The 3000 and 5000 metres distances for women in the 2008–09 ISU Speed Skating World Cup were contested over six races on six occasions, out of a total of nine World Cup occasions for the season, with the first occasion taking place in Berlin, Germany, on 7–9 November 2008, and the final occasion taking place in Salt Lake City, United States, on 6–7 March 2009.
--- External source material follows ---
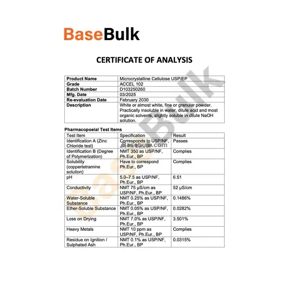 Microcrystalline Cellulose PH-102

Martina Sáblíková of the Czech Republic successfully defended her title from the previous season, while Daniela Anschütz-Thoms of Germany came second, and Kristina Groves of Canada came third.

==Top three==

| Medal | Athlete | Points | Previous season |
|---|---|---|---|
| Gold | CZE Martina Sáblíková | 610 | 1st |
| Silver | GER Daniela Anschütz-Thoms | 375 | 5th |
| Bronze | CAN Kristina Groves | 375 | 4th |

==Race medallists==

| Occasion # | Location | Date | Distance | Gold | Time | Silver | Time | Bronze | Time | Report |
|---|---|---|---|---|---|---|---|---|---|---|
| 1 | Berlin, Germany | 8 November | 3000 metres | Martina Sáblíková Czech Republic | 4:03.70 | Daniela Anschütz-Thoms Germany | 4:07.08 | Masako Hozumi Japan | 4:07.92 |  |
| 2 | Heerenveen, Netherlands | 14 November | 3000 metres | Renate Groenewold Netherlands | 4:04.85 | Martina Sáblíková Czech Republic | 4:05.54 | Diane Valkenburg Netherlands | 4:05.70 |  |
| 3 | Moscow, Russia | 22 November | 5000 metres | Claudia Pechstein Germany | 6:49.92 | Martina Sáblíková Czech Republic | 6:57.18 | Stephanie Beckert Germany | 7:01.72 |  |
| 7 | Erfurt, Germany | 31 January | 3000 metres | Martina Sáblíková Czech Republic | 4:03.65 | Daniela Anschütz-Thoms Germany | 4:05.14 | Renate Groenewold Netherlands | 4:06.60 |  |
| 8 | Heerenveen, Netherlands | 15 February | 5000 metres | Martina Sáblíková Czech Republic | 6:59.08 | Stephanie Beckert Germany | 7:01.33 | Kristina Groves Canada | 7:05.08 |  |
| 9 | Salt Lake City, United States | 6 March | 3000 metres | Martina Sáblíková Czech Republic | 3:58.62 | Daniela Anschütz-Thoms Germany | 3:59.88 | Kristina Groves Canada | 4:00.00 |  |

==Final standings==
Standings as of 7 March 2009 (end of the season).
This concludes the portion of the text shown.